Not sure if this is the right place to post feature requests. 

The ability to pause recordings would be very handy.


----------



## dodgepong (Jan 30, 2018)

Thanks for the suggestion. This has been requested many times before, but unfortunately it's pretty low priority. It's still on the to-do list, though.


----------



## Scorge120 (Jan 30, 2018)

Everything else seems amazing. Thanks to the developers for making a great piece of freeware.


----------



## Kane (Feb 3, 2018)

Hey I have not seen this requested for a bit hehe. Yeah there is something like 30-40 separate posts on this. But the current devs have it very low on their list but it does not mean one will not someday say I want that feature and add it. I think the big thing is most devs have worked on it as a streaming program mostly first. I myself use it for video recording as I think it's one the best out there to have it pre encoded, etc.

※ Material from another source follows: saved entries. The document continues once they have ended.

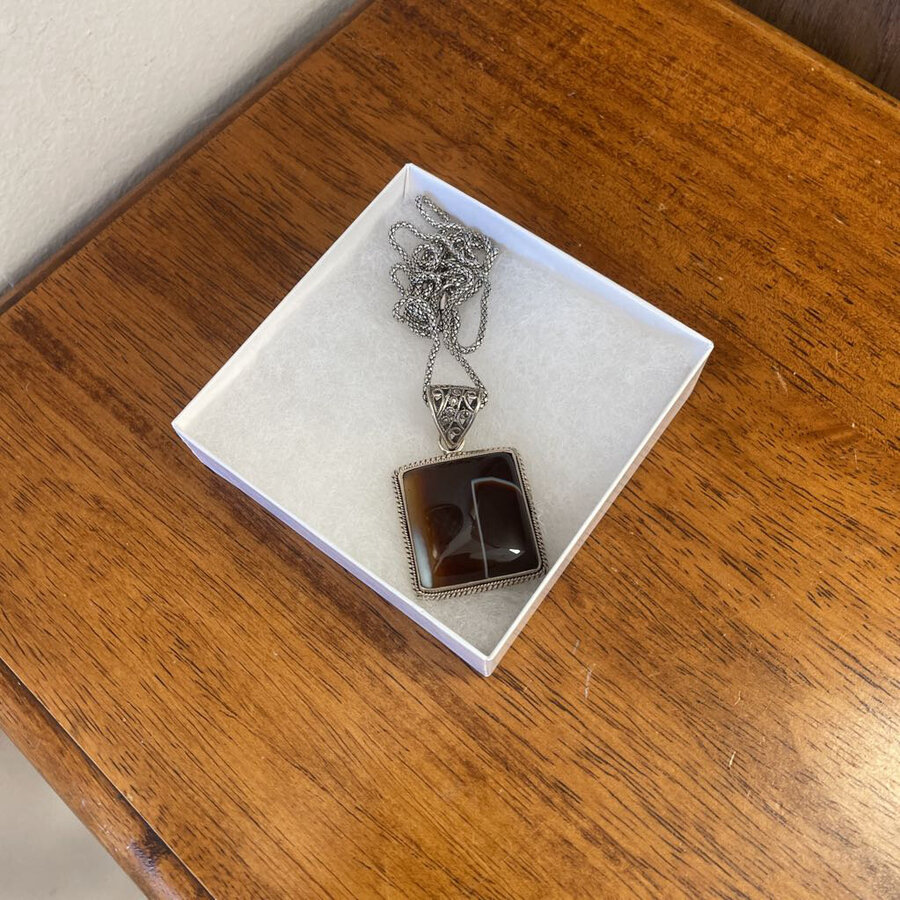 Smokey Quartz Sterling Silver Pendant on Silver Necklace - $115.25
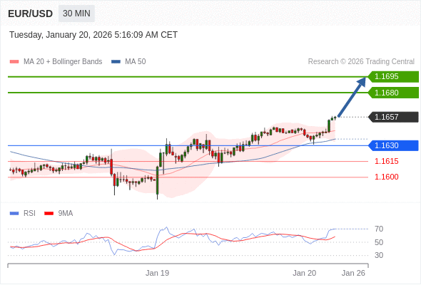 在 1.1630 之上,看涨,目标价位为 1.1680 ,然后为 1.1695 。
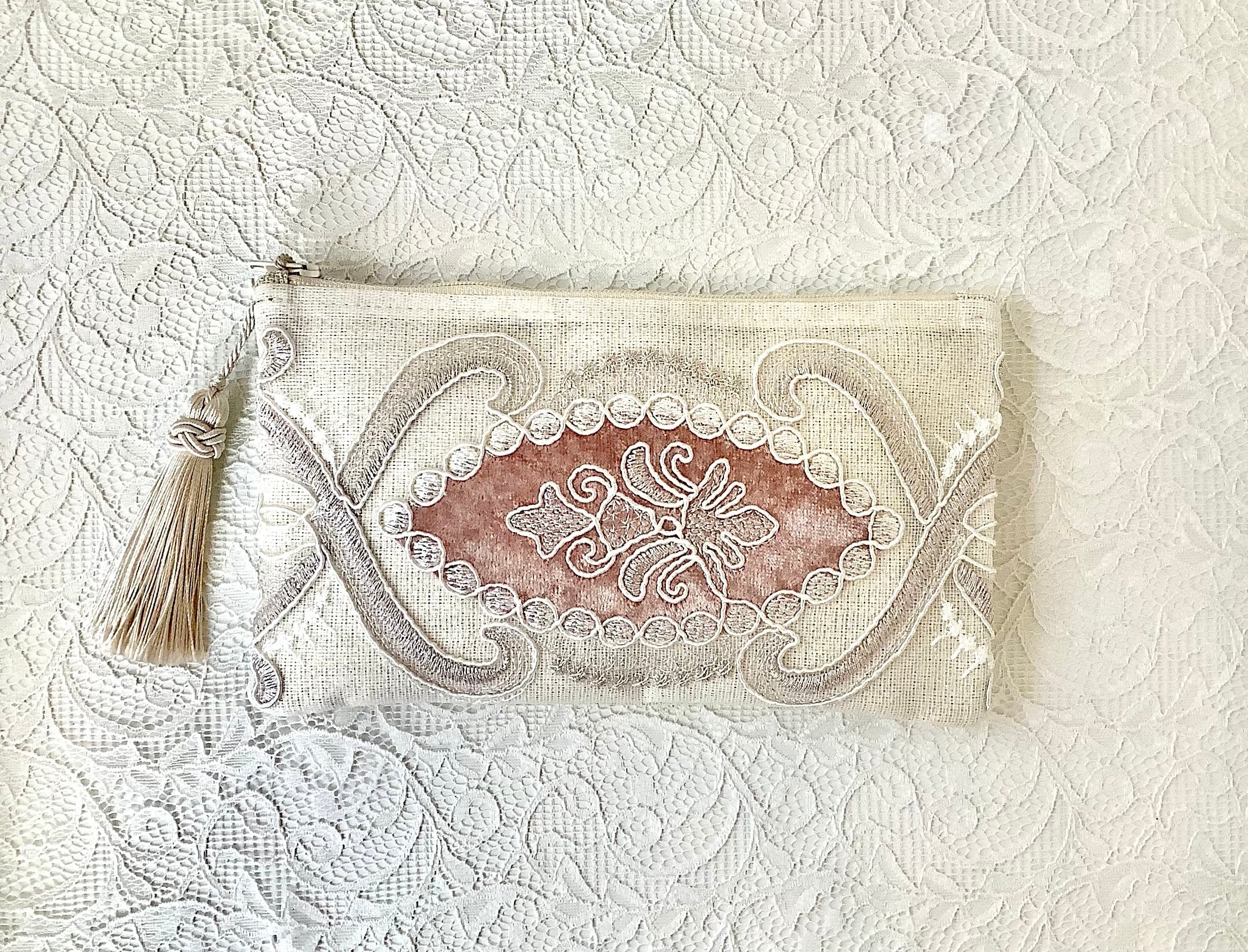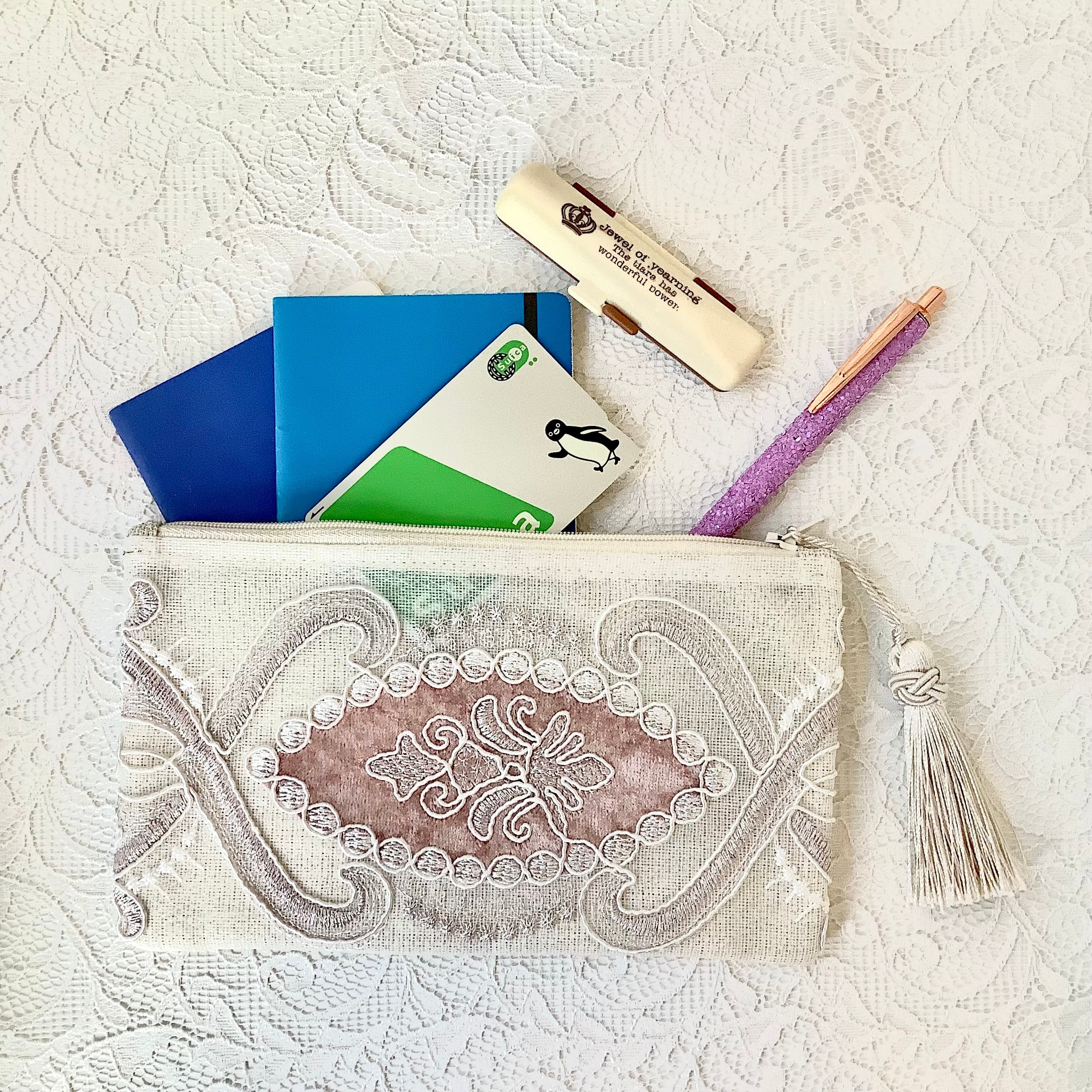 デザイン性と機能性を兼ね備えたこのポーチは、トルコの伝統的なカーテンレースを使った、アップサイクル商品です。

Sadly for now I been using ffmpeg you can use it to join 2 parts but it still gets a bit messy and mixed up a times but it works.


----------



## TradeUp (Feb 23, 2018)

I signed up just to request this feature. Otherwise, it's awesome. To be honest, I'm stunned it doesn't have pause recording already built in since it has so many advanced features and this seems to me to be a rather obvious/simple one. I'm a day trader and having long videos for no reason is not what I'm really looking for. I'm currently doing multiple short videos, but that isn't exactly what I want either. The ability to just hit pause until  the need to record would be perfect. Hopefully you can bump that up the priority list  a few notches! :) 
Otherwise, this is a top notch program! Thanks for the program and for listening to my feedback!
:)


----------



## Eirik GM (Feb 26, 2018)

Hi!
(Signed up for this featurerequest only.:) )
Just wanted to join the friendly team of featurerequesters and sing my praises over this program! If someone in the development-team someday wishes to implement the pause-feature I can surely say that a flow of teachers would turn to OBS-studio as THE standard recording-program! I love the opensource, flexibility, performance, workflow and probably a lot of other brilliant features which is jet to be discovered:)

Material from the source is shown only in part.